In the above example, I know that CX 888 and CX 830 are not likely to have any first class space open up as the cabins are currently sold out. Since CX 888 is showing J9 though, chances are good right now that they will open up some business class space ~2 weeks prior to departure. Alternatively, CX 840 is showing F2 and CX 846 is showing F3, which means if these flight times work for me, I should start checking award space religiously ~2 weeks prior to departure as it is highly likely that first class award space will become available on those flights.
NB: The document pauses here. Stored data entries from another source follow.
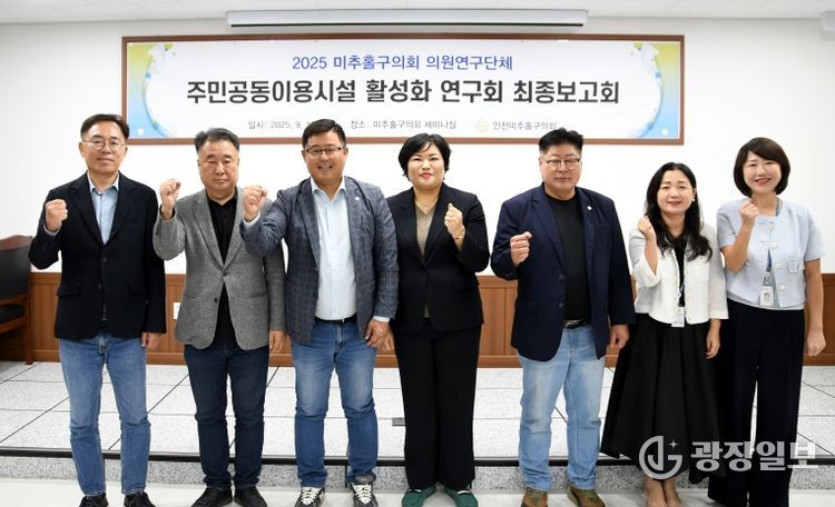 광장일보 주재영 기자 | 인천광역시 미추홀구의회 의원연구단체 '주민공동이용시설 활성화 연구회'(대표의원 이선용, 연구의원 이관호·정락재)는 2025년 9월 16일 미추홀구의회 세미나실에서 연구용역 최종보고회를 개최했다.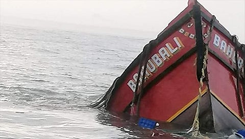 ಉಡುಪಿ: ಮಲ್ಪೆ ಬಂದರಿನಿಂದ ಆಳ ಸಮುದ್ರದ ಮೀನುಗಾರಿಕೆಗೆ ತೆರಳಿದ್ದ ಯಾಂತ್ರಿಕೃತ ಮೀನುಗಾರಿಕಾ ದೋಣಿ ಬುಧವಾರ ಎರಡು ನಾಟಿಕಲ್ ಮೈಲಿ ದೂರದಲ್ಲಿ ಮಗುಚಿದೆ.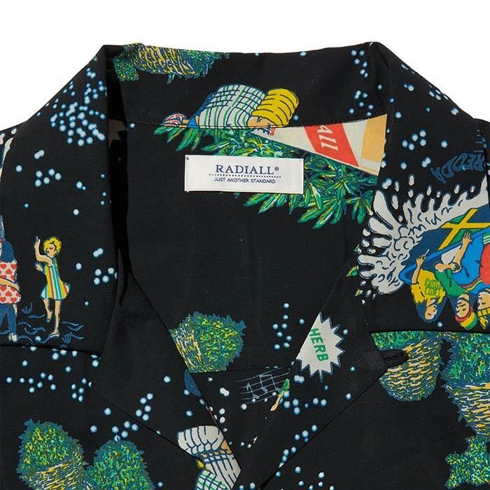 サラッとした気心地の心地よい40レーヨンに、オリジナル柄を手捺染プリントしたアロハシャツです。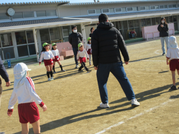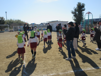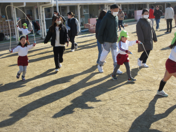 • 先週できなかった年長にじ組さんの参観会を行い、おうちの方と一緒にたくさん体を動かして遊びました。

For flights like the Chicago (ORD) flight where there is only 1 flight per day, if you see fewer than F2 or fewer than J7, you can write that flight off and exclude it from your award searches until ~2 weeks prior to departure as they are unlikely to release any of that award space until then.
I recently utilized this method when I was looking for an additional first class seat on a Cathay Pacific flight from Hong Kong back to the US. When I saw F0 on all of the flights to New York (JFK) and San Francisco (SFO), I was able to exclude them from my award searches which saved me quite a bit of time. By focusing on the flights where I knew there was still space available in the first class cabin, I also increased my likelihood of searching for the inventory around the time the inventory was released as I was focused on only a few key routes.
Hopefully this helps shed some light on how to narrow down the date(s) and/or route(s) that you are searching for your premium cabin redemptions on Cathay Pacific and JAL. I use this method personally and have found it to be pretty much spot on 99% of the time.
Have any of you utilized this method with success?